Slashdot Mirror

← Back to Stories (view on slashdot.org)

Cyber Thieves Claim To Hit Two Big Canadian Banks (reuters.com)

Posted by msmash on from the take-a-note dept.

New submitter Heritype writes: Bank of Montreal, Canada's fourth biggest lender, said on Monday it was contacted by fraudsters on Sunday who claimed they were in possession of the personal and financial information of a limited number of the bank's customers. The bank said it believed the attack originated from outside the country and was confident the exposures that led to the theft of customer data had been closed off.

Canadian Imperial Bank of Commerce, Canada's fifth biggest lender, said fraudsters contacted the lender on Sunday claiming they had electronically stolen personal and account information of 40,000 customers of its Simplii direct banking brand.
Other Canadian banks said they had not been affected. Further reading: BMO and CIBC-owned Simplii Financial reveal hacks of customer data.

7 of 20 comments (clear)

  1. Haha! Jokes on them! by Anonymous Coward · · Score: 1, Funny

    Canadian dollars ain't worth jack!

  2. Actually made public. by ls671 · · Score: 2

    The unusual part of this is that this one got published. Usually, nobody ever hears about such things although they happen more often that you might come to expect at first.

    --
    Everything I write is lies, read between the lines.
    1. Re:Actually made public. by Anonymous Coward · · Score: 1

      CBC link has more details. tl;DR - bad guys went public on their own. The language from the banks is quite baffling though. They make it sound like their own systems detected the breach which is false. Also not clear where the 40k users came from since, at least according to the CBC, only two were given as an example.

      Likely more to this. I mean they won't even say where the attacks came from.

  3. Why would they do that? by houghi · · Score: 2

    Why would they claim to have done it? Even if true, why would they admit to it, even anonymously.

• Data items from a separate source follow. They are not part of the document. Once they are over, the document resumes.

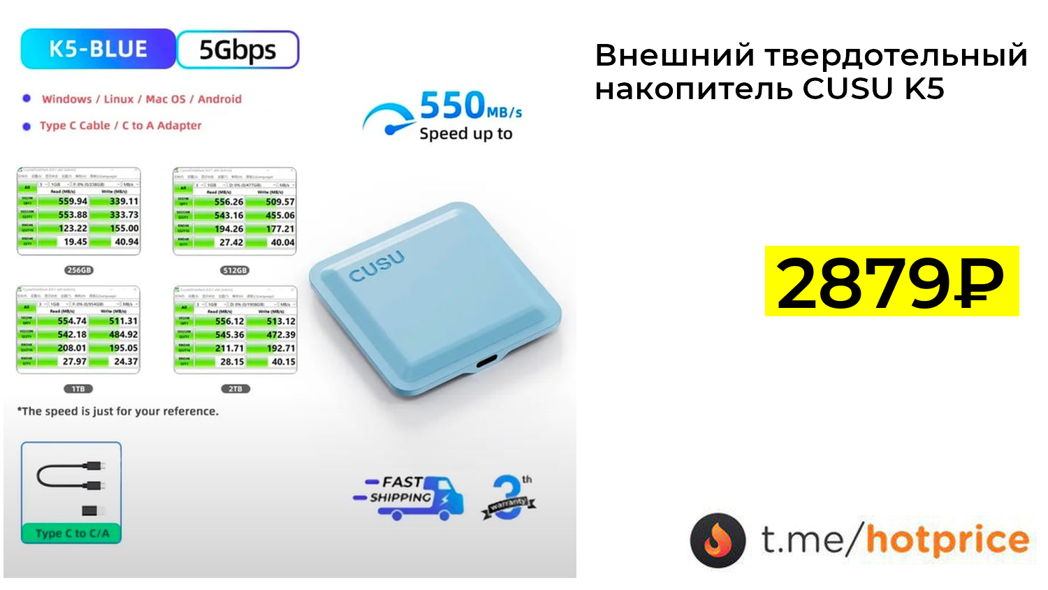 🔹 Внешний твердотельный накопитель CUSU K5 1Tb за 2879₽ ❗️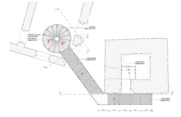 In primo piano, il volume in lamiera stirata che avvolge la scala a chiocciola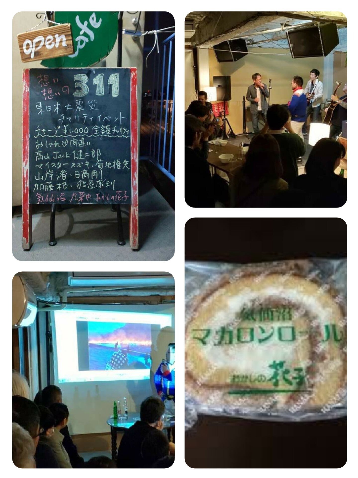 時はさかのぼり9ヶ月と25日前、私は気仙沼商工会議所青年部に所属していて、そこのお世話になったOBから東京の豪徳寺にて震災の語り部とうちのマカロンロールと酒ケーキを売りに招待されました。 OBの方から「震災を体験した人じゃないとわからない部分がある、語り部と花子の商品売りに来ないか?」と、私は「行きます、マカロンロールと酒ケーキは先にイベント場所に宅配でもよろしいでしょうか?」と応え、OBの方は「OK!、商品はうちで管理しとくよ。」私は3月11日夜行バスで向かい、その夜に豪徳寺にて「思い思い3.11チャリティーイベント」に参加しました。OBによる美味しい手料理とチャリティーコンサートの人達の気仙沼を思う歌の数々にそして募金は気仙沼商工会議所に寄付と「本当にありがたい…」と心から頭を下げました。後半、私の番になり自分の震災の体験を語りました、「横揺れの激しい地震、倒れてくるどら焼きが入った箱、体験してわかった津波が来る20~30分までの行動と選択、余震の数々、復興してる最中の気仙沼の人口減少と商売人の課題」いうだけ言いました。 真剣に聴いてくれた姿勢のせいか私の語り部効果もあったせいかマカロンロールと酒ケーキは跳ぶように後半売れましてめでたく完売し、OBから「今日はよく来てくれた、ありがとな!」と互いに握手して「また来ます」と私はその場を後にした。 商売人としてこのイベントを感じたことはお菓子にしろなんにしろ知ってもらうことに販路を開拓しないといけない……気仙沼の土産菓子 つづく広告 ふかひれマンボの応援よろしくお願いします!!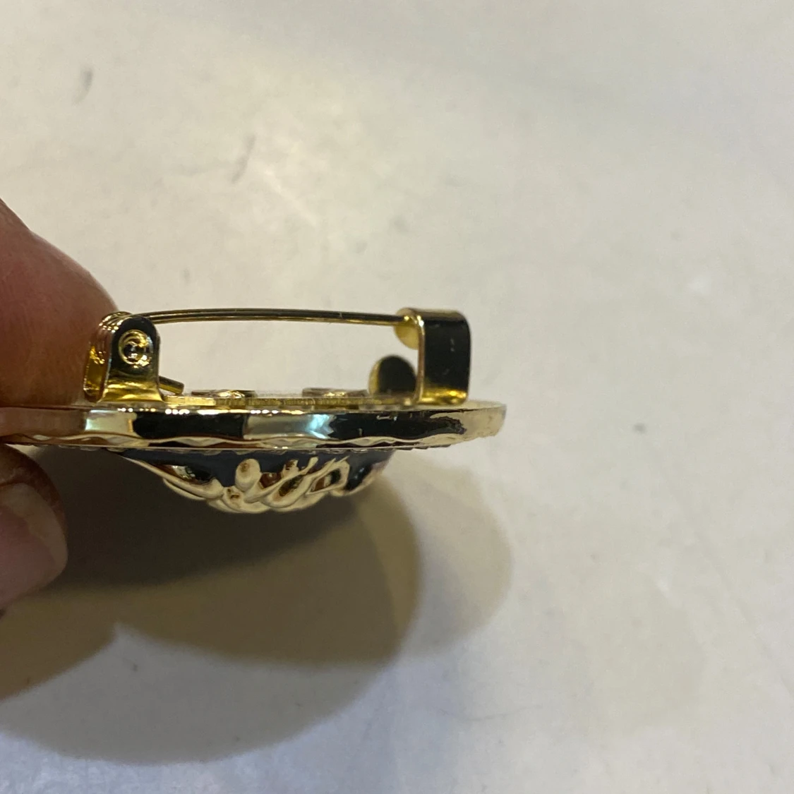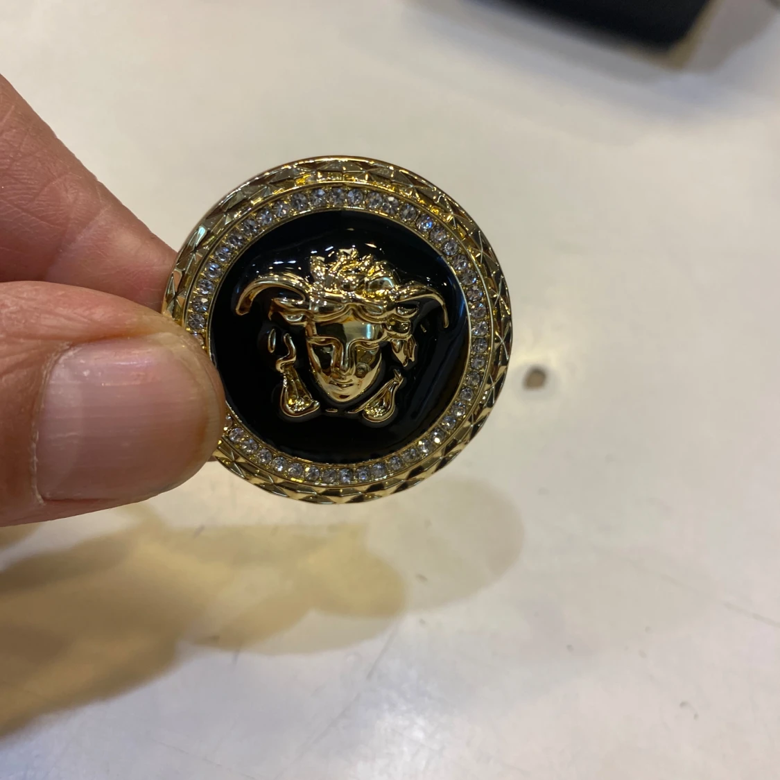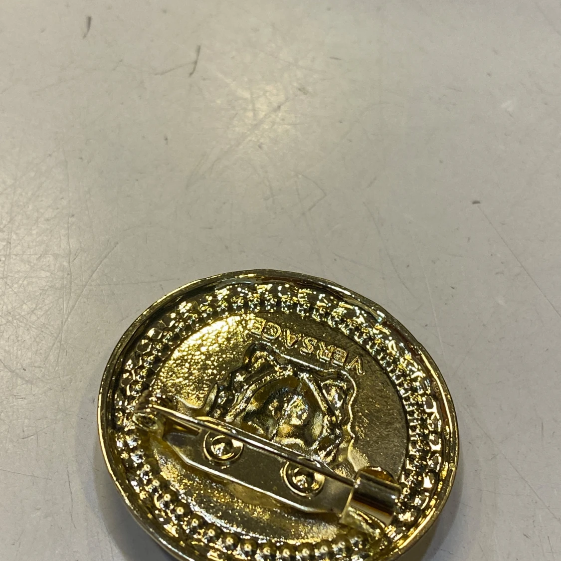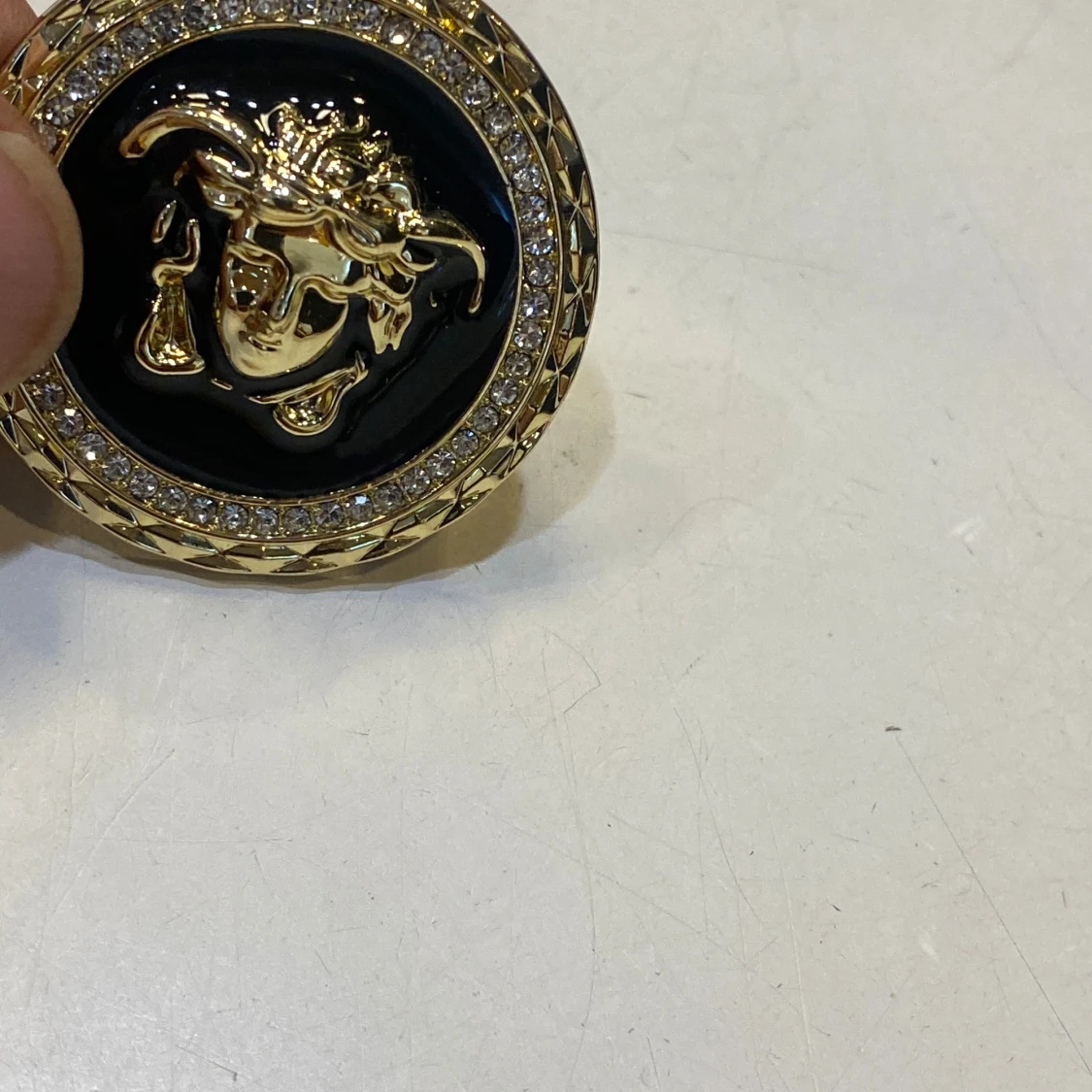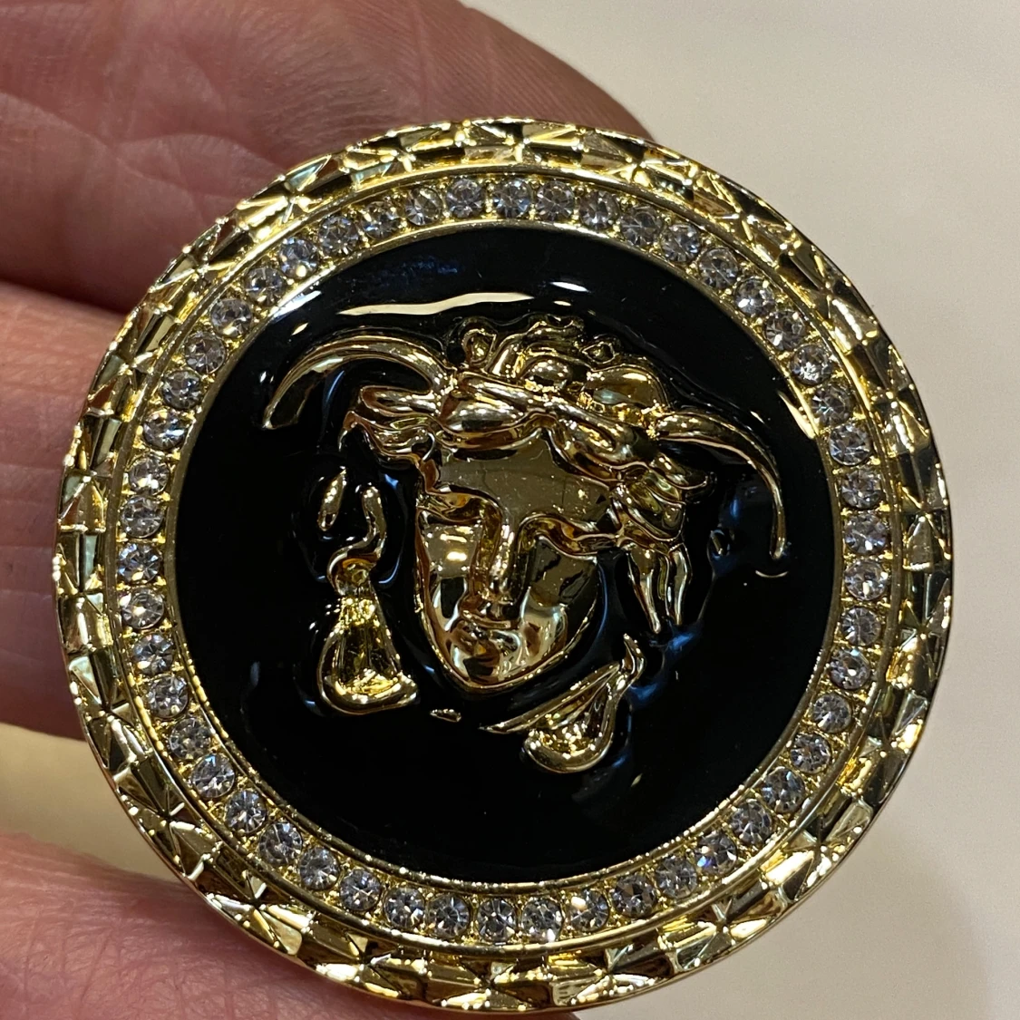 Säljer en rund brosch med Medusa-huvud i guld på svart bakgrund. Runt kanten sitter gnistrande stenar som ger extra bling. Broschen är i metall med tydlig logga på baksidan och säkerhetsnål för enkel fastsättning.

Most thieves would want this sort of thing never to get public and will deny everything from the start.

    Or might it be the bank that claims it? That would be worse. Why would they claim it and not state it. Are they not sure that it happened? Or are they not sure that it was theft or even illegal and not just a standard transaction?
    I can imagine the call I might get:
    "We have no idea where your money went. Probably some hackors or russions or terroristsers. You know how it is with these Intertubes. Oh well. These things happen. If we get your money back somehow, we will call you. Now have a nice day and sorry."

    --
    Don't fight for your country, if your country does not fight for you.
    1. Re:Why would they do that? by sinij · · Score: 4, Interesting

      Why would they claim to have done it?

      Likely it was a blackmail attempt and public disclosure is a result of failing to pay.l

  4. Sounds off by PKFC · · Score: 1

    Like anyone of any importance at a bank could be reachable by a random outsider on a Sunday. And given how little most companies care about security, I would be surprised if anyone would actually respond.

    1. Re:Sounds off by danomac · · Score: 1

      CIBC was in the news last year because they decided to outsource to India. I'd wager that security isn't high on their priorities list.

      Glad to see it's working out for them. (More seriously, who didn't see this coming?)